Recovered FEMA supplies reach Louisiana

Last month, Facing South reported on the CNN investigation that revealed $85 million in household goods and supplies earmarked for Gulf Coast hurricane survivors were given away to unaffected areas of the country.

The CNN investigation uncovered that 121 truckloads of household goods, including basic kitchen supplies, were marked as surplus property by FEMA and given away to state agencies and 16 states after sitting in a federal warehouse in Texas for two years. This was done despite the fact that community groups and survivors from the Gulf Coast were still in desperate need of such supplies.

Louisiana Sen. Mary Landrieu began working with the state agencies and FEMA to recoup the supplies and send them to hurricane affected areas in Louisiana. The Advertiser reports that the states of Texas and Arkansas have returned what they received of the surplus goods and the U.S. Postal Service has said it will return their supplies as well. The first round of recovered supplies, from Texas, went to UNITY in New Orleans and the second round of supplies, from Arkansas, went to the Acadiana Outreach Center in Lafayette, La.

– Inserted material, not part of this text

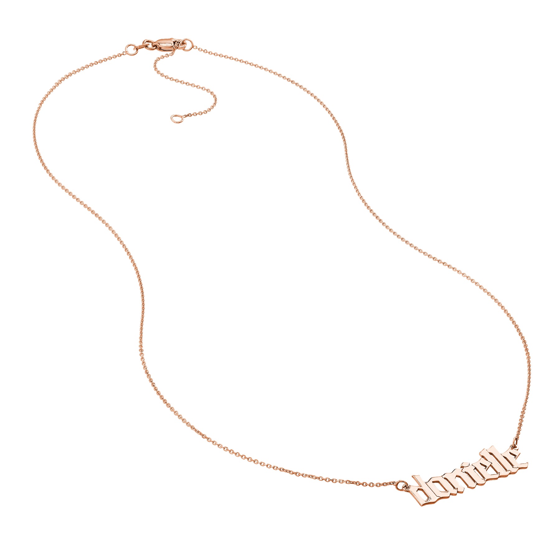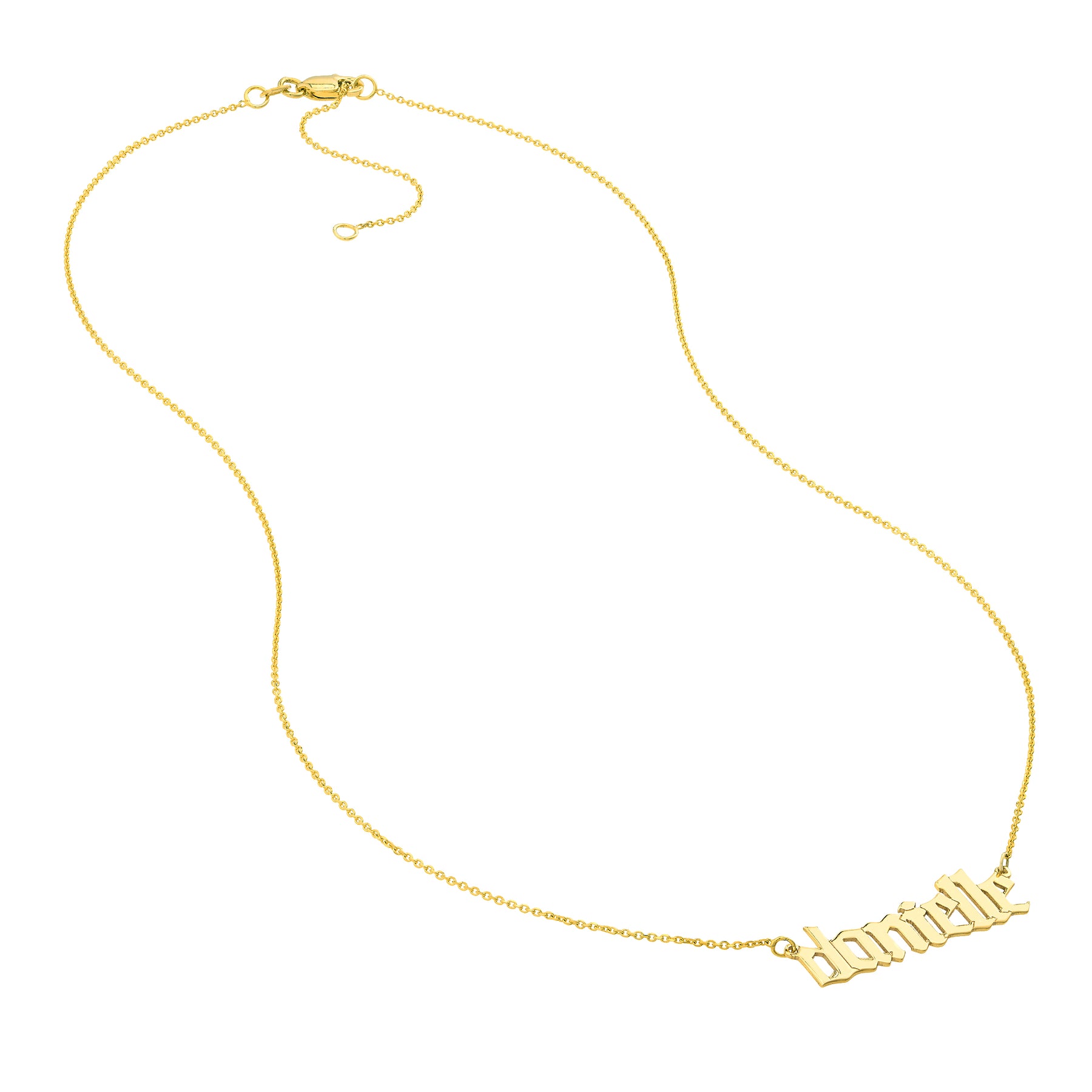 Identify in gold. Let your name shine bright and your style elevate higher. This 7mm Gothic Nameplate Necklace is adjustable from 16 to 18 inches. Made in 14K gold.

"[FEMA] has proven to be, time and again, deaf to the immediate needs on the ground in the aftermath and long-term recovery from a major disaster," Sen. Landrieu said in a press release this week. "I am planning a joint hearing for later this month of my Disaster Recovery Subcommittee and the House Homeland Security Committee to get to the bottom of how FEMA's communications chain could again fail the Gulf Coast so tremendously."

Mississippi Rep. Bennie Thompson, chairman of the House Committee on Homeland Security, will be working with Sen. Landrieu on the hearing. "We just think that FEMA needs to come and tell the committee how such a debacle could occur, and in the process, what are they going to do to assure Congress and the taxpaying public that it will never happen again," Rep. Thompson told CNN.